Tak więc nazajutrz, bez najmniejszych przeszkód, Panienka znowu udała się na odległe pastwisko. Agna powitała ją radośnie. Znała wszystkie dziewczynki we Wsi i ta nowa znajomość nader ją cieszyła. Nie przeszkadzało jej, że Panienka nie chce opowiadać o sobie. Uznała, że widać nie ma nic ciekawego do powiedzenia. Mogły się jednak we dwójkę pobawić. I Agna nauczyła Panienkę zabawy w kucanego berka, pokazała, jak szukać czterolistnej koniczynki i wróżyć z niej, a w pobliskim stawku puszczały we dwójkę małe łódeczki z kory.

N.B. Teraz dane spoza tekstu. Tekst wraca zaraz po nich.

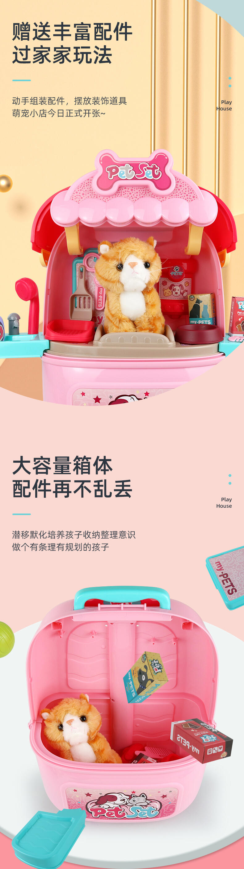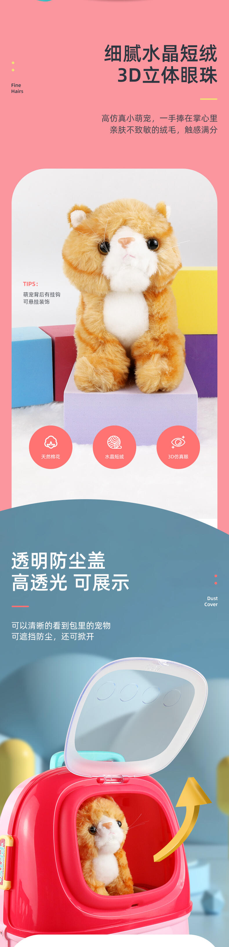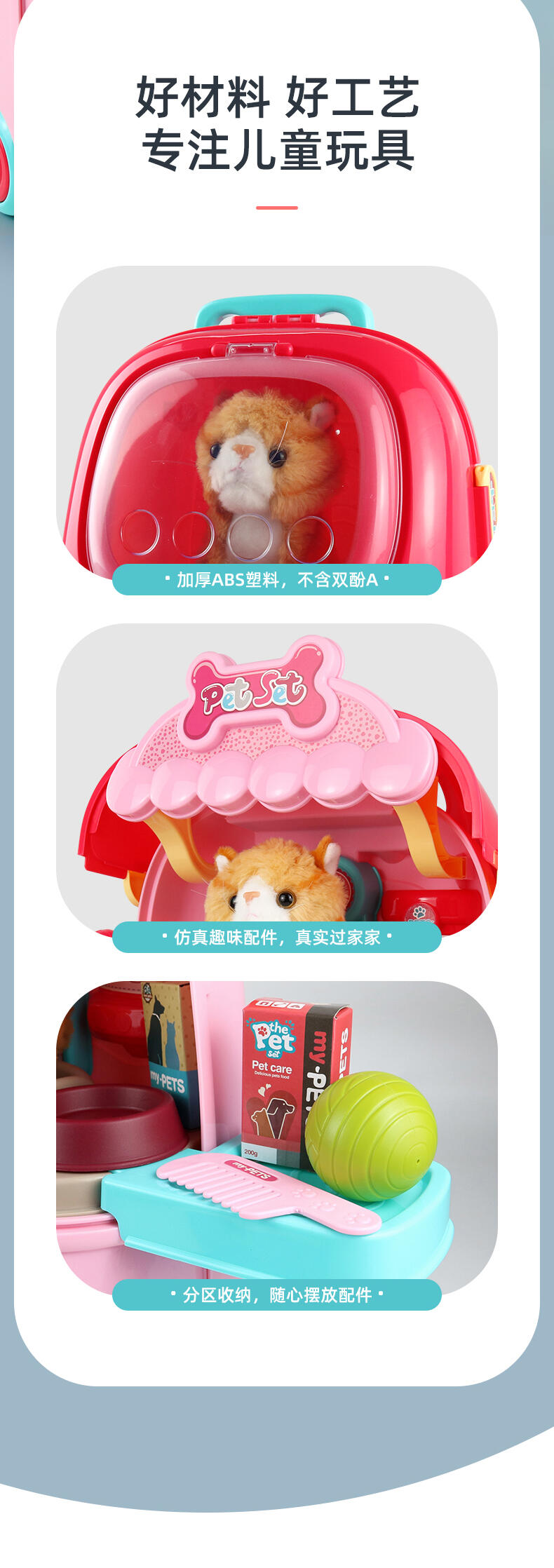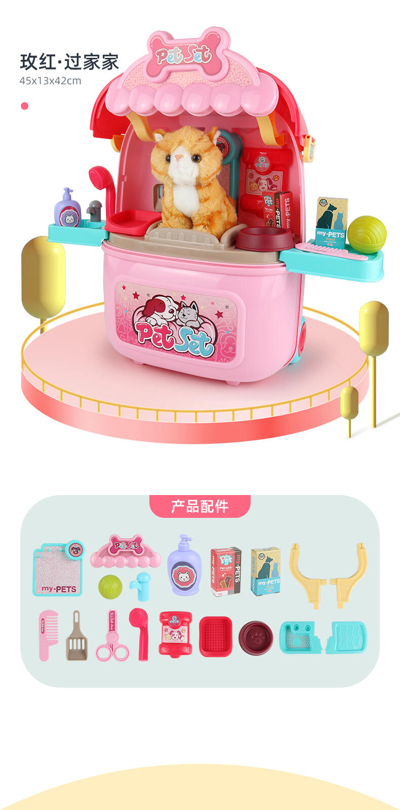 乐宠宠物拉杆太空包产品设计新颖可简易切换为宠物护理台或拉杆箱,配备造型可爱的毛质柔软的毛绒猫咪,还有丰富多样的宠物用品道具配件,宝宝通过产品结合已有的生活经验开展呵护宠物的过家家游戏,给猫咪洗澡、梳理毛发、与小伙伴们一起玩耍,培养宝宝的动手能力及语言社交能力。

Przez kilka dni Panienka przychodziła na pastwisko, kryjąc to przed Czarownicą – i po raz pierwszy w życiu odkryła wspaniały, niepowtarzalny smak zabawy z rówieśnicą. Było to cudowne uczucie i Panienka była gotowa wiele dać, aby nadal trwało. Gdy zatem pewnego dnia, po godzinie zabawy, ujrzała znudzenie na twarzy Agny, zaniepokoiła się:
– Co ci jest? – pytała.
– Nie wiem, co jeszcze możemy robić – wzruszyła ramionami Agna. – Gdyby były jeszcze inne koleżanki, bawiłybyśmy się w chowanego, bo we dwójkę jest to jednak nudne. Znudził mi się już kucany berek, za zimno, by się kąpać w stawie, i opowiedziałam ci już wszystko co miałam do opowiedzenia. Ty nic nie umiesz opowiadać. Szkoda, że nie mamy piłki…
– Ja zrobię piłkę – oznajmiła z gorliwością Panienka.
– Och, masz na myśli piłkę ze szmat, lub coś takiego? spytała pogardliwie Agna. – Nie chcę. Myślałam o takiej prawdziwej. Gdybyś widziała, jaką piękną piłkę ma córka wójta! Jest z gumy, cała czerwona w zielonobiałe kwiaty! Nigdy nie widziałam nic równie cudownego, jak ta piłka…
Panienka, niewiele myśląc, podniosła z trawy mały kamyk i podrzuciła w górę. Kamyk spadł na ziemię… czerwoną, mieniącą, się tęczowymi kolorami piłką, która podskoczyła wysoko kilka razy, by wreszcie opaść w trawę, u stóp Agny. Agna wytrzeszczyła oczy w podziwie:
– Och!… to niesamowite! Jak ty to zrobiłaś! Czary czy co? Chodź będziemy nią sobie rzucać!
I dziewczynki długo bawiły się, a piłka, jak kolorowy ptak, fruwała im z rąk do rąk. Na pożegnanie Panienka podarowała piłkę Agnie.
Tego wieczoru, gdy Czarownica rozniecała ogień na kominku, do drzwi ich domu ktoś zapukał. Cicho i delikatnie. Mimo to przez smagłą twarz Czarownicy przebiegła chmura niepokoju, zaś Panience serce skoczyło do gardła. Instynktownie wyczuła związek tej nieokreślonej jeszcze wizyty ze swoją zakazaną przyjaźnią.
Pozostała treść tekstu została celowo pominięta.